Tendenzen in diese Richtung gibt es heute schon nicht nur im Bereich der Musik, sondern auch auf den Streaming-Plattformen, die eine belanglose Serie nach der anderen produzieren. Damit wird die Kunst zu einem reinen Industriezweig degradiert, der lediglich darauf ausgerichtet ist, Gewinne zu erzeugen. Das ist zwar heute auch schon der Fall, kann sich aber durch den Einsatz der KI noch zuspitzen. Denn während der Mensch durch Schöpfergeist und Schaffenskraft getrieben ist und seiner individuellen Sicht auf die Welt, seinen Gefühlen und Ansichten Ausdruck verleiht, verfügt die Maschine über all das nicht.

Die KI hat keine Sicht auf die Welt, sie verfügt nicht über Emotionen oder Meinungen. Genau das sagt auch ChatGPT, wenn man es nach seiner Meinung fragt. Damit richtet sich die KI nach den Anforderungen, die ihr mit dem Code eingepflanzt werden, und diese beziehen sich nicht auf künstlerischen Ausdruck, sondern auf Absatz.

Allein aufgrund des Mangels an Emotion und tiefen Empfindens stößt die Kunst der KI zwangsweise an eine sehr enge Grenze. Maschinen mögen logisch-rationale Prozesse akkurat durchführen können, sie mögen präziser arbeiten als ein Mensch es je zu tun vermag, mögen große Mengen an Daten verarbeiten können. Doch in der Kunst ist all das überhaupt nicht von Belang. Sie lebt von einem inneren Antrieb des Menschen, einem Zugang zu einer tieferliegenden Sphäre der Schöpferkraft, von der Emotion und Regung des Künstlers.

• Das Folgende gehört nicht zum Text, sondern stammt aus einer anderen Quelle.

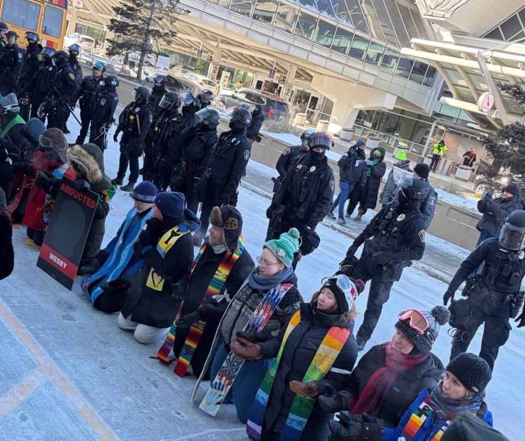 On Friday, January 23rd, seven hundred faith leaders from across the country heeded a call that had been put out just a few days before to come to Minneapolis to train, to observe, and to protest actions by ICE agents in the Twin Cities. Hundreds of them gathered in an interfaith service at Temple Israel. Others joined the National Prayer Call for Minnesota. And still others headed to the Minneapolis-St. Paul airport to engage in nonviolent direct action against the MSP airport authority, and Delta Airlines and Signature Aviation in particular, for their complicity with ICE in transporting those arrested either for deportation or for removal to other detention facilities.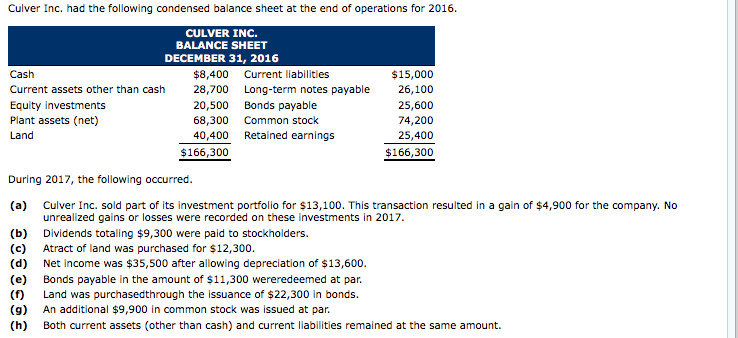 Solved Culver Inc had the following condensed balance sheet Chegg com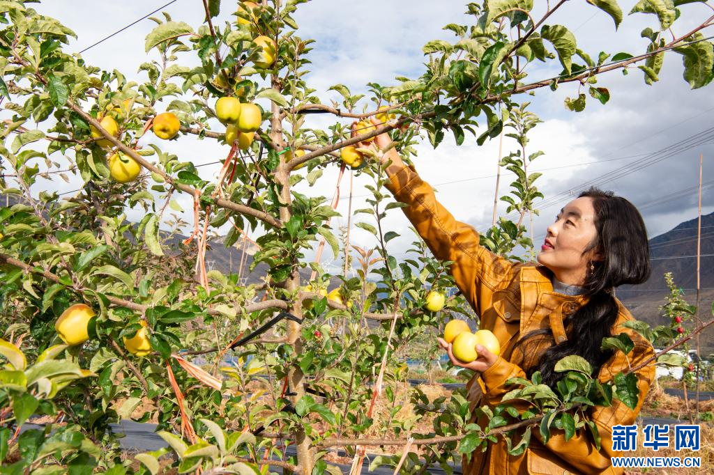 10月12日,西藏昌都市八宿縣白瑪鎮(zhèn)沙木村村民嘎桑曲珍在蘋果園區(qū)采摘。該園區(qū)于2023開(kāi)始陸續(xù)掛果,預(yù)計(jì)2025年進(jìn)入豐產(chǎn)期,今年園區(qū)蘋果產(chǎn)量達(dá)140余噸左右。目前全縣種植蘋果35萬(wàn)余株,總面積4848.95余畝。新華網(wǎng) 旦增努布 攝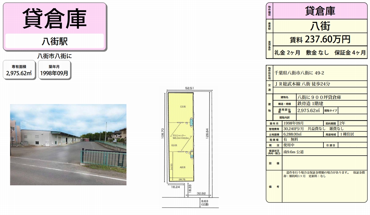 千葉県八街市八街に49-2 八街駅 貸倉庫 詳細データ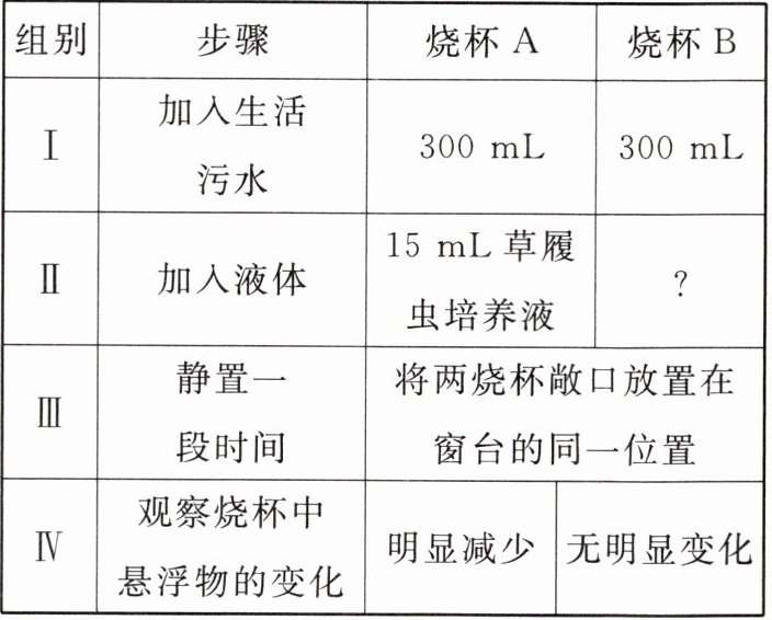 (2)为了研究草履虫是否可以净化水质,同学们收集生活污水,摇匀后分别放入两个烧杯,处理步骤见下表。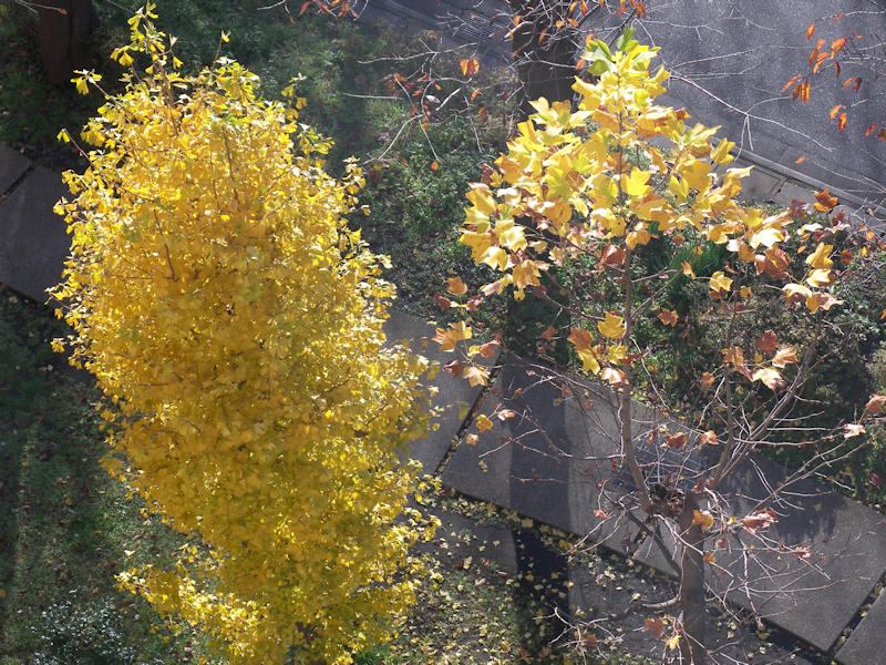家事分担の洗濯物干しをしながら、ふと下を見下ろすともう見頃を過ぎたと思っていた紅葉がここだけは真っ盛りの体。道路側の桜の木はもうすっかり紅葉から落葉に変わってしまっているが、イチョウとスズカケが黄色く紅葉していた。

Auch die Spontaneität ist ein wichtiger Bestandteil der Kunst, die momentane Inspiration und Intention, die sich mit dem Verstreichen der Zeit und über den Prozess des Schaffens ändern können. Eine Maschine hat zu all dem keinen Zugang, sie ist nicht spontan, nicht inspiriert und hat auch keine Intention. Sie führt lediglich die Befehle des Codes aus, der sie ausmacht. Man kann ihr all das auch nicht einprogrammieren. Jeder Versuch wird höchstens zu einer Simulation dessen führen, und so kann eine daraus entstehende, etwaige Kunst auch höchstens eine Simulation von echter Kunst sein.

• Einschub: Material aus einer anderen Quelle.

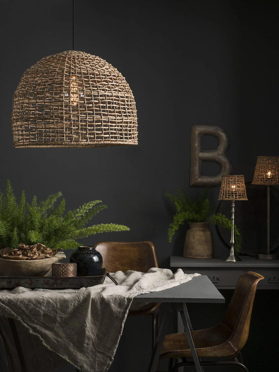 • PR Home Cebu taklampa med handflätad lampskärm i naturmaterial.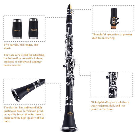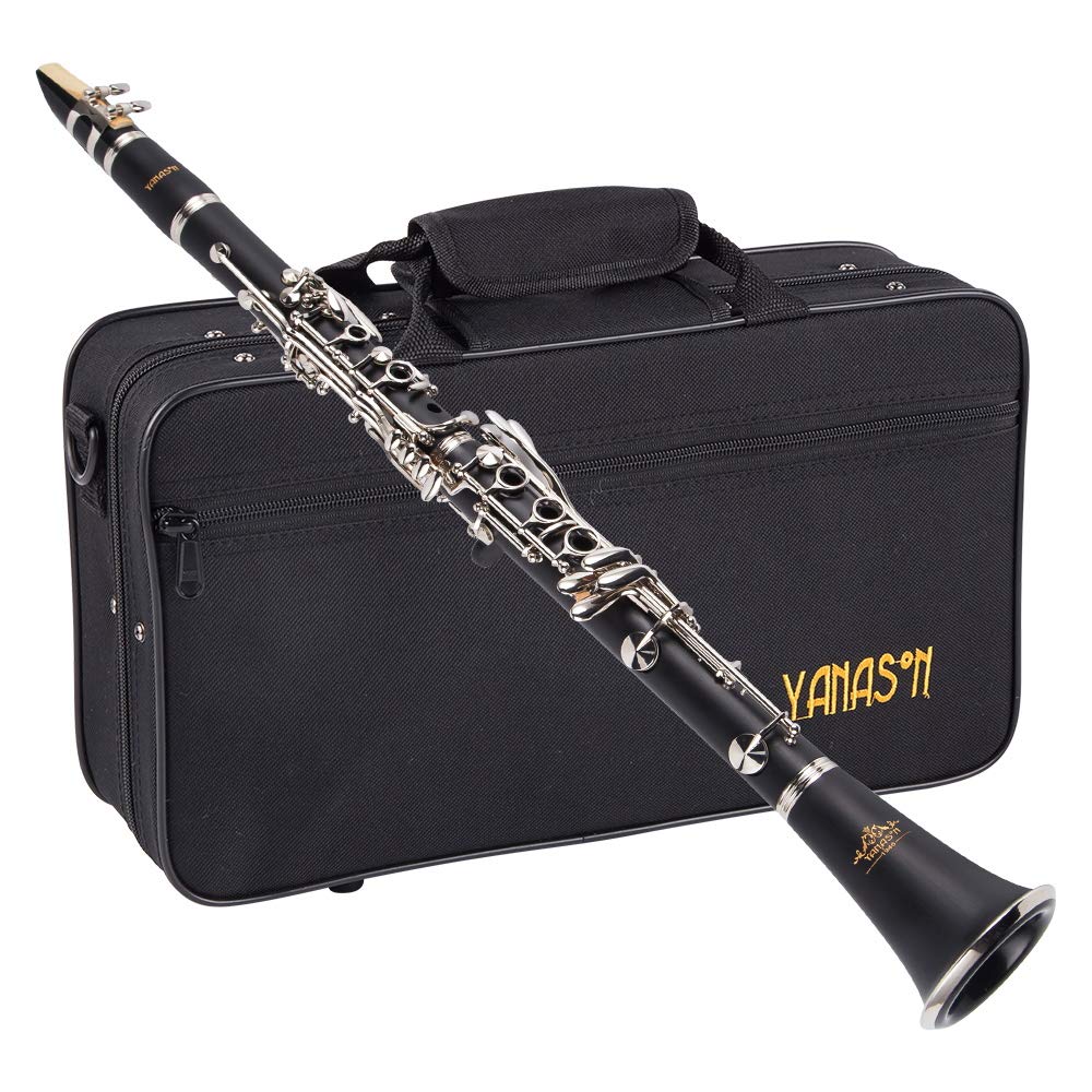 YANASON Bb clarinet for beginners, Bb nickel-plated 17-keys clarinet, suitable for students, professionals, school bands with Hard Foam Case,Barrels*2,Pads*8,Stand, Cleaning Kit,Gloves,Strap,Reeds*8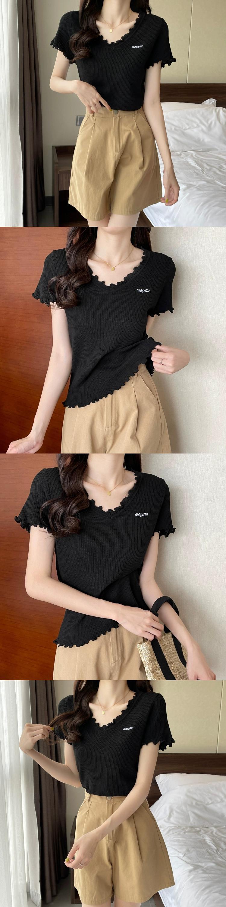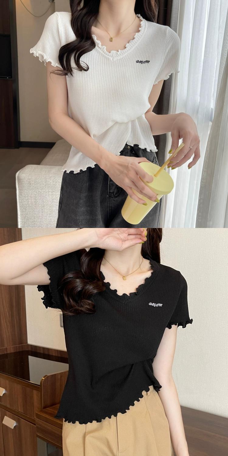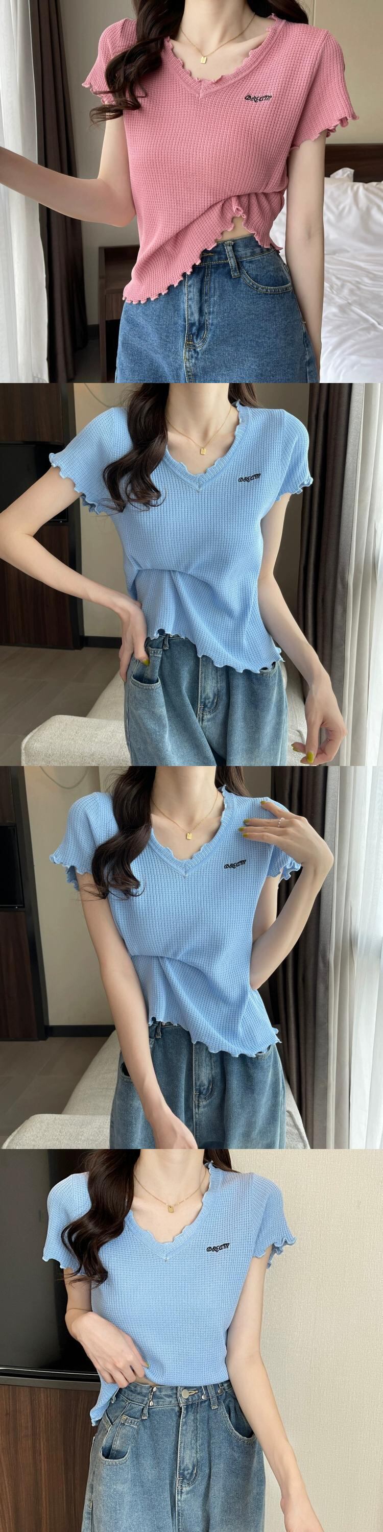 薄氷シルクニット半袖 Tシャツ女性の夏のファッションデザインオールマッチフロントショルダーショート木耳エッジ V ネックトップ サマー 夏物 Vネック 7460088323780024 | framboise21
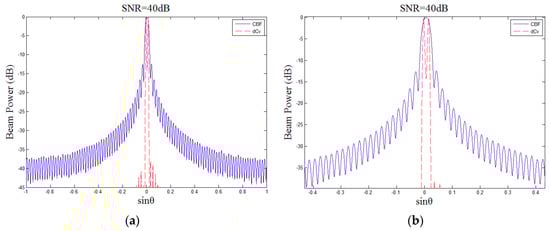 Figure 4a shows the CBF beam power (solid line) and deconvolved beam power (dotted line) with the simulated data. All the beam plots were normalized with the peak set at 0 dB to show the same dynamic range. The SNR for each receiving channel was 40 dB. For CBF, we can see that the main lobe is fat and the leakage of side lobe energy is serious. For deconvolved beamforming, the main lobe was narrow and there was no side lobe leakage, which is almost an impulse function, and this is consistent with the theoretical analysis.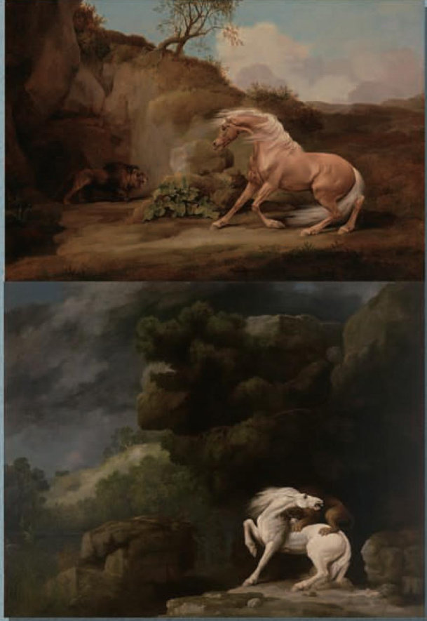热门题材 到了十八世纪,英国画家乔治·斯塔布斯将更多精力投入动物画的创作。他画过许多野生动物,包括斑马、犀牛、驼鹿等等,不过他画马的水平最高,被誉为“史上最伟大的马画家”。 斯塔布斯画过各种各样的马,它们毛皮光滑,身姿矫健,一看就是“宝马”。这些马姿态各异,或奔跑,或吃草,或休憩,无不神采奕奕。其中有匹被称为“响外套”的阿拉伯种马,它通体枣红,两只后蹄上有一白毛,仿佛穿着一双白袜子;它的额头上

In unserer heutigen, kapitalistischen Welt genügt das allerdings oftmals. Denn die Welt, wie wir sie heute vorfinden, ist, wie Guy Debord, der französische Philosoph es ausdrückte, eine Welt des Spektakels, in der alles Echte und Reale in eine künstliche Sphäre verschoben wurde und nur noch als Abbild existiert. Man kann das in den Medien tagtäglich beobachten. Dort wird nicht mehr die Realität gezeigt, sondern lediglich ein Abbild einer Realität, die es so zwar nicht gibt, die aber als Realität dargestellt und dann von vielen Menschen als solche übernommen wird. Eine solche Gesellschaft des Spektakels wird mit der KI einen neuen Höhepunkt erreichen, indem selbst die Kunst in das Spektakel überführt wird.

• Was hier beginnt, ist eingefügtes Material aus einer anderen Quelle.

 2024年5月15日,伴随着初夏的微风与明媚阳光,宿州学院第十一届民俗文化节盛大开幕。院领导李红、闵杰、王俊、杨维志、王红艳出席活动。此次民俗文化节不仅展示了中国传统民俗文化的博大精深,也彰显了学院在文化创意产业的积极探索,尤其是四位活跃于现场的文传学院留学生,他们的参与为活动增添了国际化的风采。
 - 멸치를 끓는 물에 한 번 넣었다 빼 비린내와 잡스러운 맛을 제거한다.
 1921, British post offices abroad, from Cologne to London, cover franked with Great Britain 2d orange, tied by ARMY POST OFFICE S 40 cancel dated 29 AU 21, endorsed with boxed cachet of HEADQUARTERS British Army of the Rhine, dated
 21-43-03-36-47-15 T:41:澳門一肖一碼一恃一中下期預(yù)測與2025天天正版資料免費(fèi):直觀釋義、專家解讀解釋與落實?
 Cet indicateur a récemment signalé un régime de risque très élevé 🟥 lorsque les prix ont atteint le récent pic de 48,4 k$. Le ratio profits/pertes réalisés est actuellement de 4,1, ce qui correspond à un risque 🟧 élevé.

Doch hier bleibt die Hoffnung, dass diese synthetische Kunst das tiefe Bedürfnis des Menschen nach Transzendenz, Bedeutung und Sinn nicht zu erfüllen vermag, weshalb sie sich selbst der Kunst widmen und auf die Reise machen, eben diese Transzendenz zu finden. Denn computergenerierte, berechnete, simulierte Kunst ist kalt und leblos, entbehrt jeglicher Lebendigkeit und Tiefe eines von Menschenhand erschaffenen Werkes. Nur Menschen sind in der Lage, wirkliche Kunst hervorzubringen, und so bleibt zu hoffen, dass sie sich mit der Simulation von Kunst nicht zufriedengeben werden.